# THE PROBLEM
Return each record word for word and omit the pictures.

# DATA
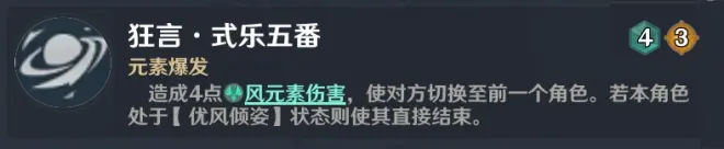 补充:元素战技持续期间内如再次使用,视为快速行动但会结束【优风倾姿】状态且不再造成伤害和充能。与大世界玩法保持一致。(非常抱歉没有加到图片里)
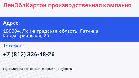 ЛенОблКартон, производственная компания по адресу 188304, Ленинградская область, Гатчина, Индустриальная, 25 в дальнейшем Организация, размещена в следующих категориях:
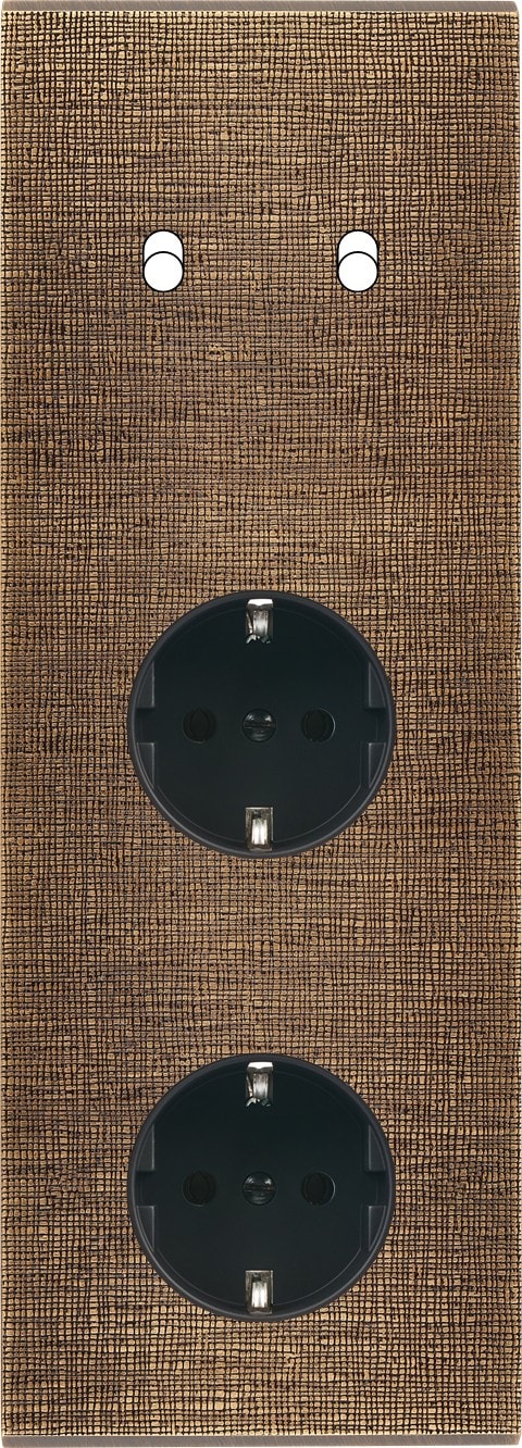 Façade Fascination en laiton massif finition Coslan triple verticale 2 Basculeurs 1 prise Schuko 1 prise Schuko. Dimensions : 80x222x5mm, deux chanfreins biseautés. Fabriqué en France, dans les ateliers de Steaven Richard.
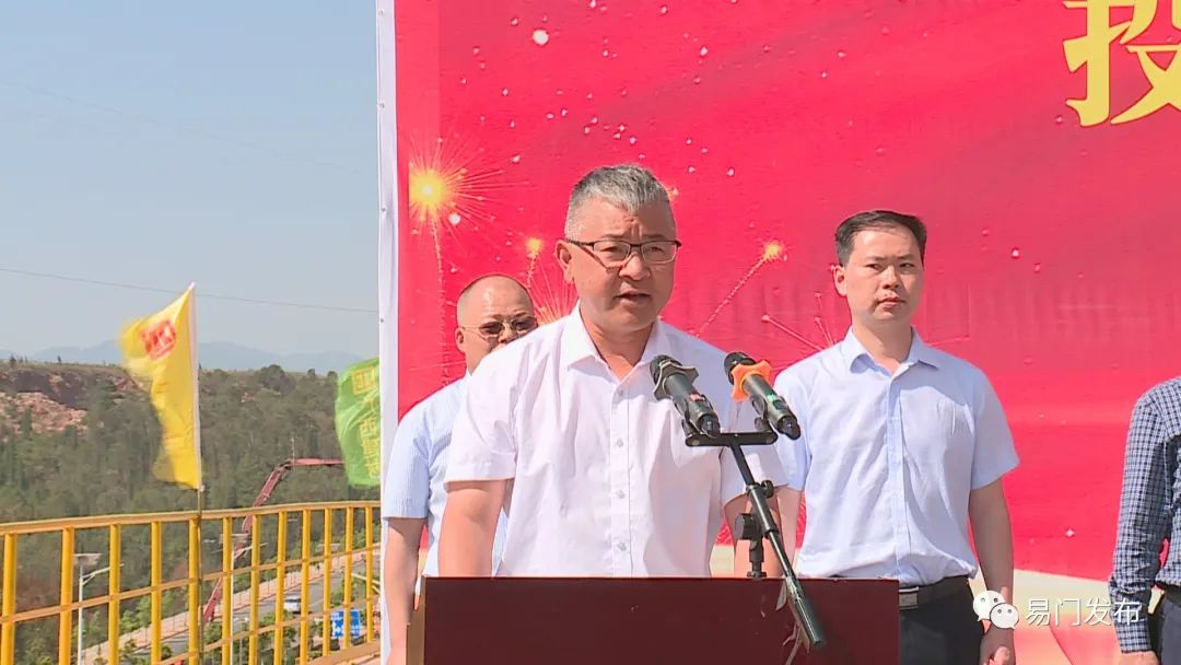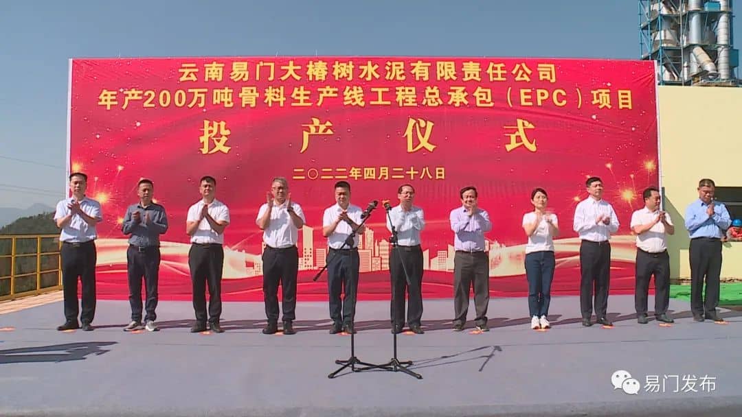 縣委書記王華宣布云南易門大椿樹水泥有限責任公司年產200萬噸骨料生產線項目正式投產。
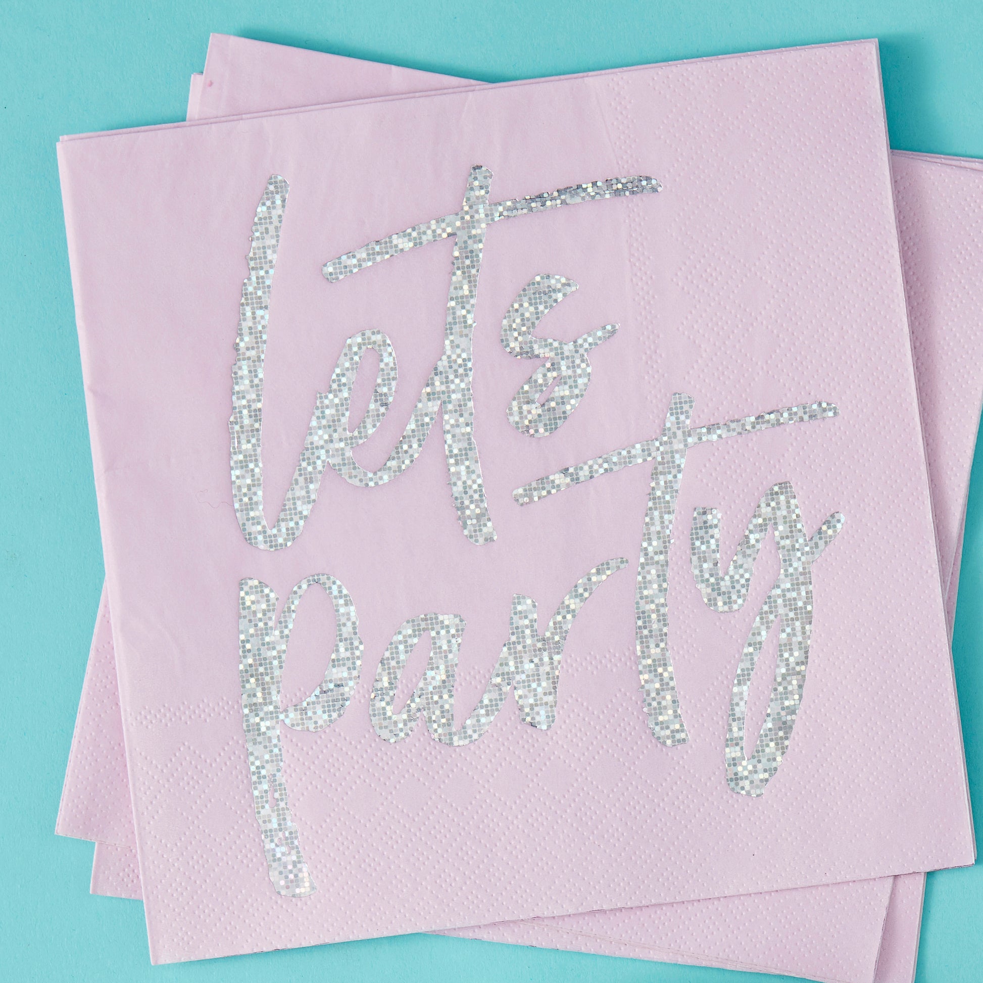 Our foiled 'Lets Party' napkin will have all your guests in the party spirit! A fun napkin - the foiled iridescent 'lets party' writing will look stunning as guests enjoy delicious treats! - perfect for the dancing queens who don’t want to leave the dancefloor!
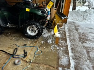 I have to admit, the last two years have lulled me into an uncharacteristic lackadaisical attitude about my techniques of managing the cold and snow. Case in point, that dang plow blade on the Grizzly. It took me three tries to get the mechanisms of the winch-lift and the catch-pin of the blade angle connected so they wouldn’t interfere with each other.
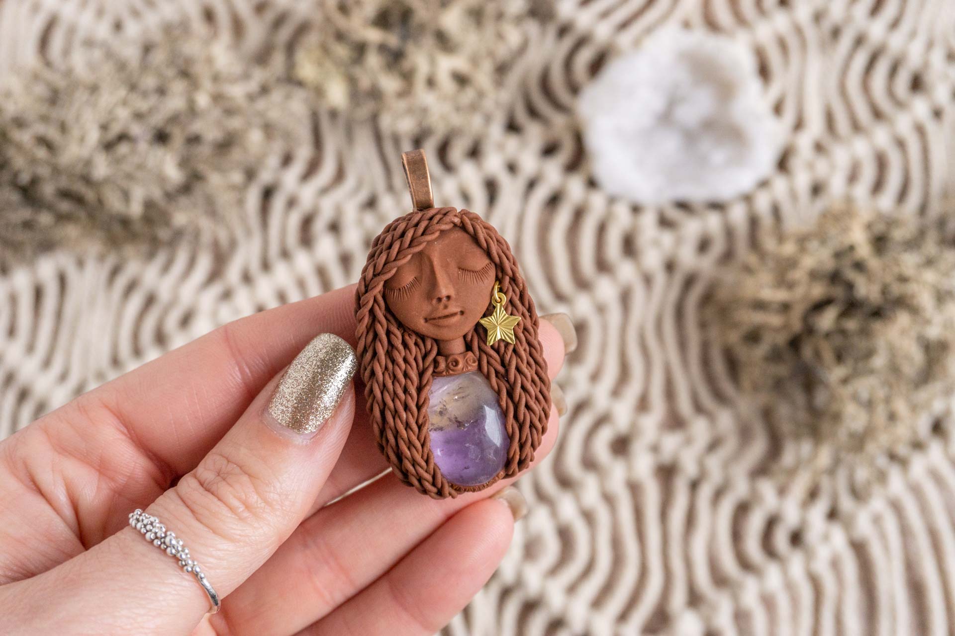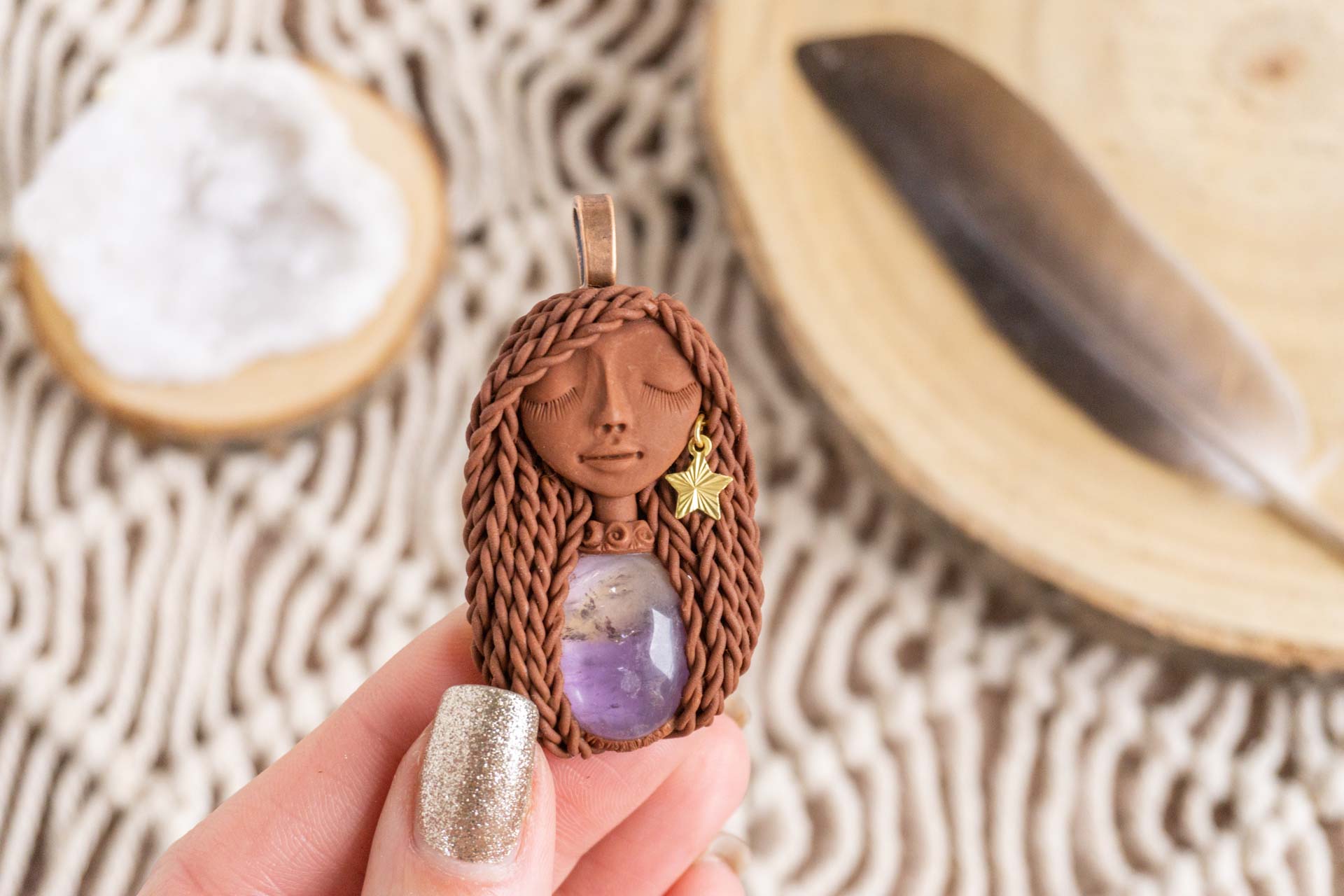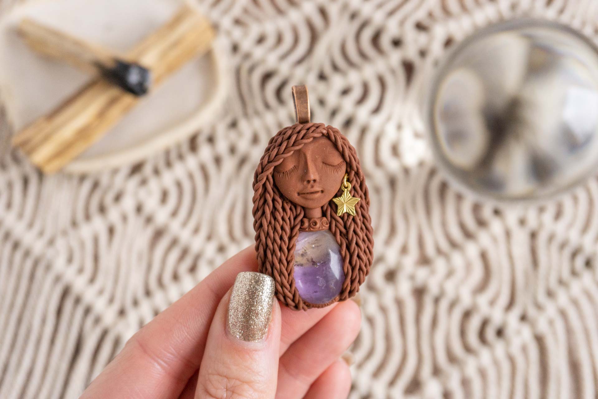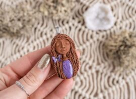 Čarobnica je izdelana iz polimerne gline. Vsak kos je unikaten in na voljo samo en kos. Izdelek lahko minimalno odstopa v barvnih niansah in detajlih, vendar se trudim, da bo vaš izdelek v naravi identičen opisu in fotografiji.
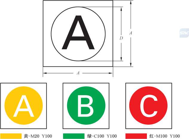 A.6.2 设备标志制图标准色:红色MlOO Y100,黑色K100,绿色ClOO Y100,黄色M20 Y100,蓝色 M50 ClOO,紫色 C5O M50。
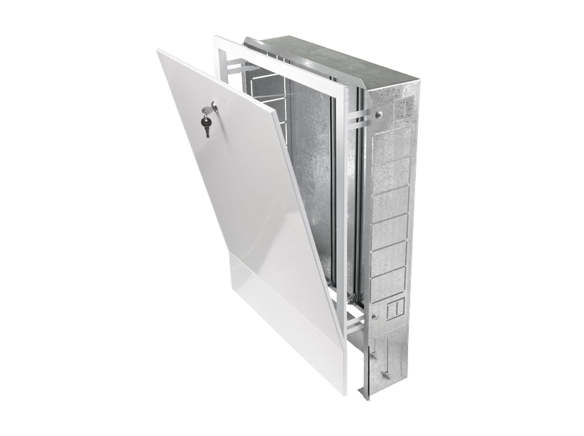 В боковых стенках корпуса шкафа выполнена перфорация, сегменты которой удаляются в любом удобном месте для подсоединения трубопроводов
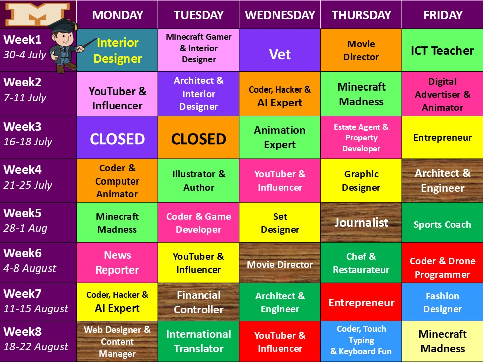 Each day is run as a new 1-day course that's based on a particular career, for example 'Architect for a day'. With demonstrations and a variety of tasks Children tasks covered throughout the session, children will produce a piece of work which is then presented to the class during the afternoon 'show'. Finally, there will be a prize giving with the opportunity for children to win stickers, USB's and CAPS.
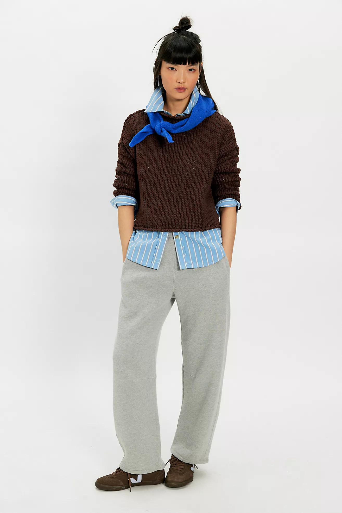 Create an accountSo light and perfect for any-season layering, this staple sweater is featured in an airy cotton knit with a rolled neckline and dropped shoulders for that laidback look.
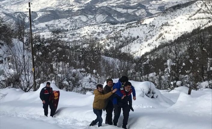 Bartın’ın Ulus ilçesinde yoğun kar yağışı nedeniyle sağlık ekiplerin ambulansla giremediği köyde sobadan zehirlenen vatandaşları jandarma ekipleri sırtlarında taşıyarak bölgeye ulaştırdı.

# TASK RESULT
 补充:元素战技持续期间内如再次使用,视为快速行动但会结束【优风倾姿】状态且不再造成伤害和充能。与大世界玩法保持一致。(非常抱歉没有加到图片里)
 ЛенОблКартон, производственная компания по адресу 188304, Ленинградская область, Гатчина, Индустриальная, 25 в дальнейшем Организация, размещена в следующих категориях:
 Façade Fascination en laiton massif finition Coslan triple verticale 2 Basculeurs 1 prise Schuko 1 prise Schuko. Dimensions : 80x222x5mm, deux chanfreins biseautés. Fabriqué en France, dans les ateliers de Steaven Richard.
 縣委書記王華宣布云南易門大椿樹水泥有限責任公司年產200萬噸骨料生產線項目正式投產。
 Our foiled 'Lets Party' napkin will have all your guests in the party spirit! A fun napkin - the foiled iridescent 'lets party' writing will look stunning as guests enjoy delicious treats! - perfect for the dancing queens who don’t want to leave the dancefloor!
 I have to admit, the last two years have lulled me into an uncharacteristic lackadaisical attitude about my techniques of managing the cold and snow. Case in point, that dang plow blade on the Grizzly. It took me three tries to get the mechanisms of the winch-lift and the catch-pin of the blade angle connected so they wouldn’t interfere with each other.
 Čarobnica je izdelana iz polimerne gline. Vsak kos je unikaten in na voljo samo en kos. Izdelek lahko minimalno odstopa v barvnih niansah in detajlih, vendar se trudim, da bo vaš izdelek v naravi identičen opisu in fotografiji.
 A.6.2 设备标志制图标准色:红色MlOO Y100,黑色K100,绿色ClOO Y100,黄色M20 Y100,蓝色 M50 ClOO,紫色 C5O M50。
 В боковых стенках корпуса шкафа выполнена перфорация, сегменты которой удаляются в любом удобном месте для подсоединения трубопроводов
 Each day is run as a new 1-day course that's based on a particular career, for example 'Architect for a day'. With demonstrations and a variety of tasks Children tasks covered throughout the session, children will produce a piece of work which is then presented to the class during the afternoon 'show'. Finally, there will be a prize giving with the opportunity for children to win stickers, USB's and CAPS.
 Create an accountSo light and perfect for any-season layering, this staple sweater is featured in an airy cotton knit with a rolled neckline and dropped shoulders for that laidback look.
 Bartın’ın Ulus ilçesinde yoğun kar yağışı nedeniyle sağlık ekiplerin ambulansla giremediği köyde sobadan zehirlenen vatandaşları jandarma ekipleri sırtlarında taşıyarak bölgeye ulaştırdı.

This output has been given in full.